In the 1920s, the school year was five months beginning about October and salaries were $25.30 per month.
In 1948, consolidated schooling began in Halifax County when Booker T. Washington High School of South Boston was merged into the Halifax Training School in the town of Halifax. This merger and other expansion at the training school site was influenced by Dr. Fred M. Alexander, State Supervisor of Negro Education, State Department of Education, and Dr. Sidney B. Baff, State Superintendent of Public Instruction.
An addition to the “T” shaped building forming the “H” shape was completed in 1948 to accommodate the children from Booker T. High School. Later, the vocational and agriculture building was completed.
In 1955, the two-story building just south of the “H” shaped building was completed. It gave Black children their first official cafeteria, a gymnasium, expansive library, fully equipped science laboratory and authentic home eco-nomics class space.
Following an evaluation of the school and its program in 1951, William C. Edwards, the principal, requested permission from the board to change the name of the school and was instructed to make the plans for such change. The preparation began including informing all of the Black citizens and soliciting their support and approval. At least 10 names, some of them local persons, were originally proposed.
The list was narrowed to the following two: Doctor Charles D. Drew and Mary M. Bethune. In a meeting of Black representatives these two names were voted on. The vote was a tie, 6-6.
The principal broke the tie when he voted for Mary M. Bethune. With the tie broken, Dr. Leon V. Ragland moved that this name be submitted to the board as a unanimous choice. The name of the high school for Black children was changed in 1956. On Jan. 15, 1956, it was officially dedicated as Mary M. Bethune High School of Halifax County. In the 50s, it was “the state’s largest rural Negro high school.”
After W. C. Edwards retired in 1966, Lazarus Bates became principal until integration took place in 1969. Following integration, Bates served as principal until he retired in the same building of the integrated junior high school. After integration in 1969, the school became the Halifax County Junior High School and served the entire county school population until the 1979-80 school year.
During a visit to his former high school — after integration — Emmett O. Green, class of 1956, discovered a need to preserve the school’s history of education in Halifax County. He had a vision of forming an alumni association.
Green called other graduates from Halifax County living in the Washington metropolitan area and shared his concerns regarding the forming of an alumni association.
On Saturday, July 28, 1973, the first official meeting of the Mary M. Bethune Alumni and Associates was held in Washington, D.C.
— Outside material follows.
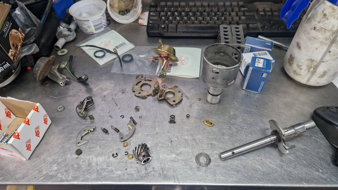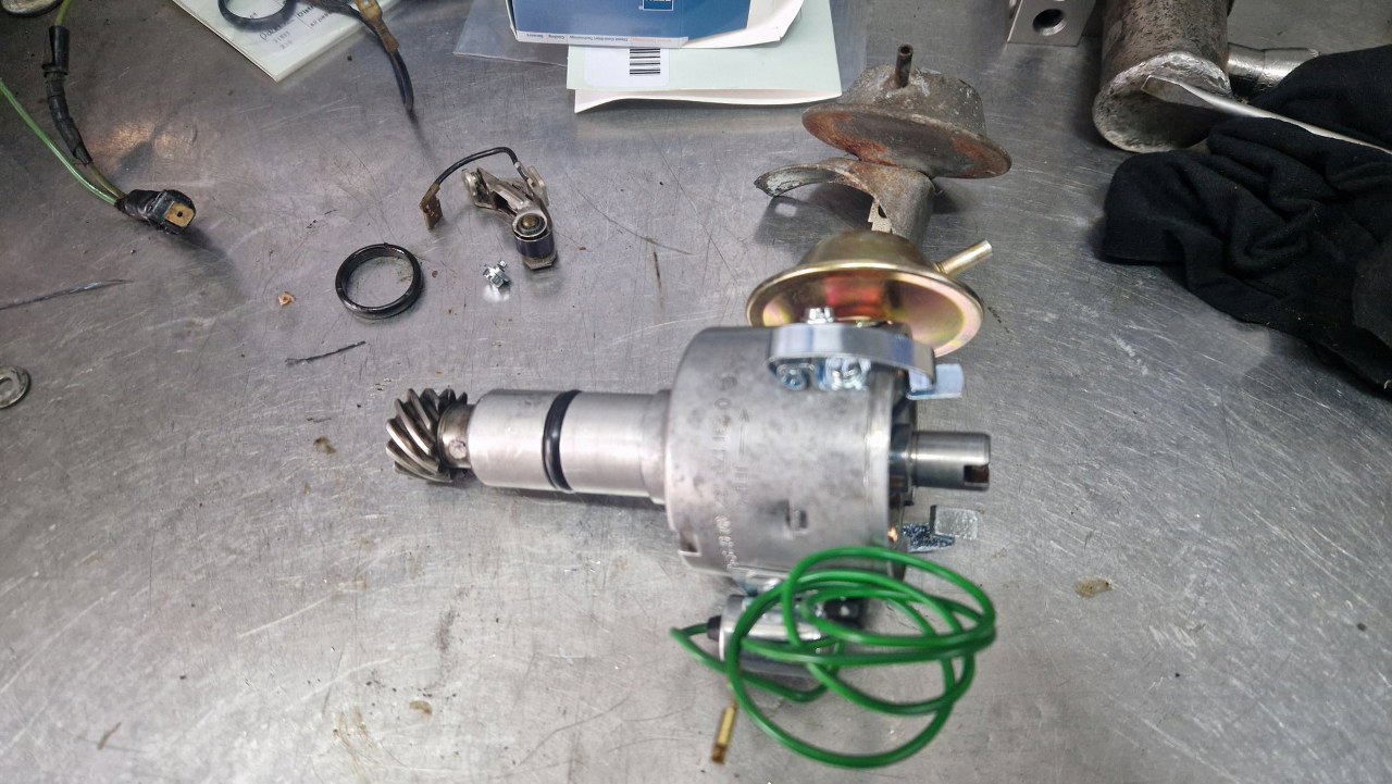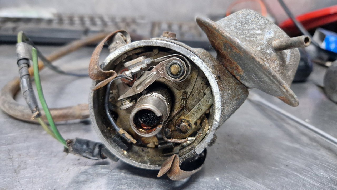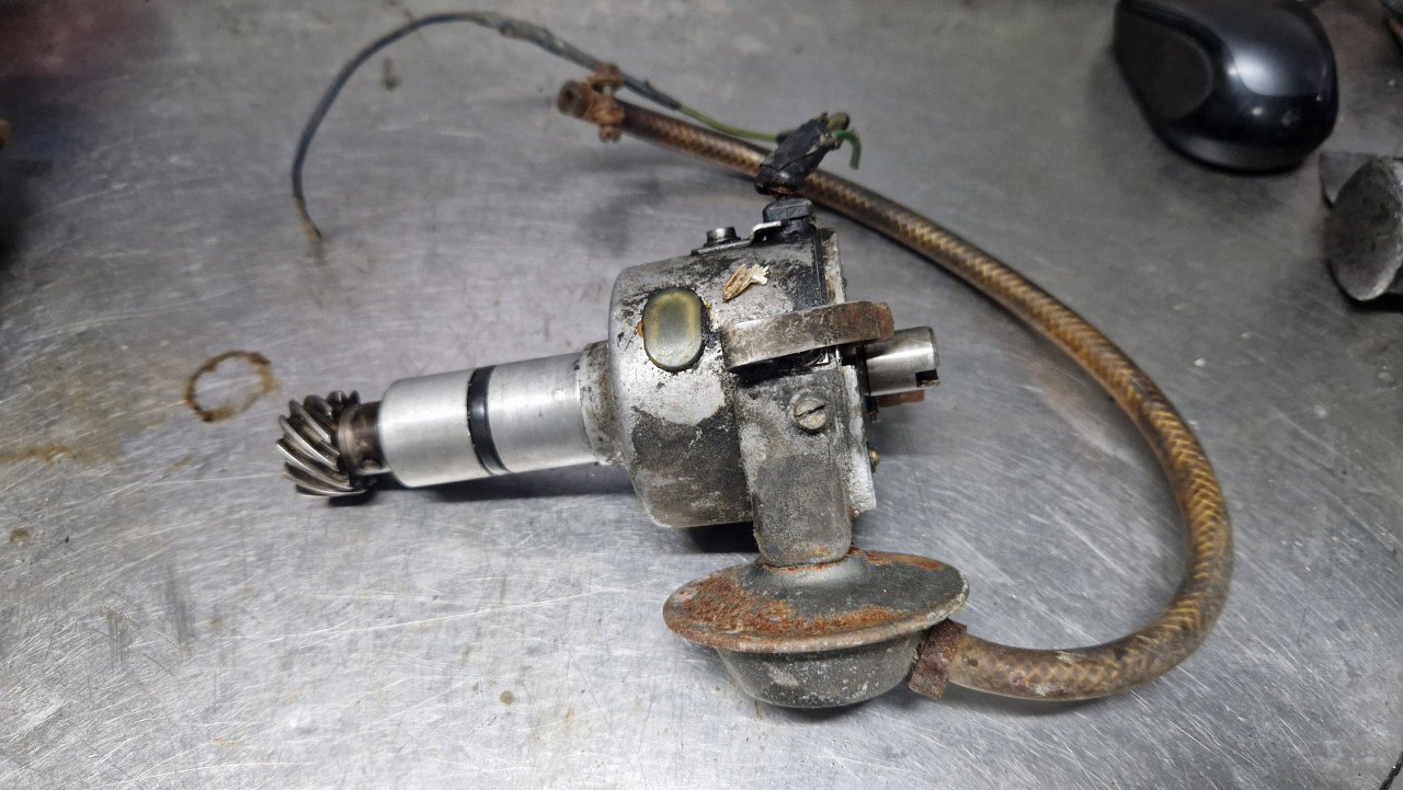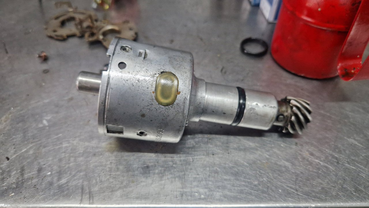 Nastęny w kolejce jest aparat zapłonowy. Ciut przypomina aparat z Garbusa, ale ma dłuższą część wchodzącą w silnik.

Those present at the first meeting were Emmett and Pam Green, Agnes and Von Poindexter, Mary and Richard Lee, Jean Coleman Contee, Faye Brewer Taylor, Phyllis Pannell Wilkerson, Rose Crawley Adams, Geraldine Sadler Washington, J.P. Logan and John Lee. Green was elected president.
Area chairpersons from 16 cities and towns were appointed to coordinate the first reunion that was held on Saturday, June 29, 1994. There were over 1,000 in attendance. It was decided that the next reunion would be held in 1976 and every other year thereafter.
The executive board met in 1975 and made the decision that membership fees will be $10 a year. Major objectives of the association were to encourage alumni in various areas to establish local Mary M. Bethune Alumni Chapters, to establish a Bethune Scholarship, to establish a historical Mary M. Bethune Trophy Case and to finance a history book.
The book, “The History of the Education of Black Citizens in Halifax County: 1866-1969,” written by W.C. Edwards, Preston M. Royster and Bates, was published in 1979. Copies are still available.
Membership of the Mary M. Bethune Alumni and Associates will consist of persons who attended Bethune or other high schools which were established for educating Black residents of Halifax County, persons employed in these schools, spouses of the above and other residents of Halifax County-South Boston who are interested in affiliating and assisting in implementing the purposes and objectives of this organization.
The alumni association’s main objective was to award scholarships to local high school students regardless to race, creed or color. Because of this objective, in 1978 the Mary M. Bethune Scholarship Foundation Inc. was formed.
The foundation is a separate 501(c)3 non-profit, tax-exempt organization that has as its goal to raise $500,000 in sustaining funds.
These sustaining funds are needed to ensure scholarships are continued for years to come.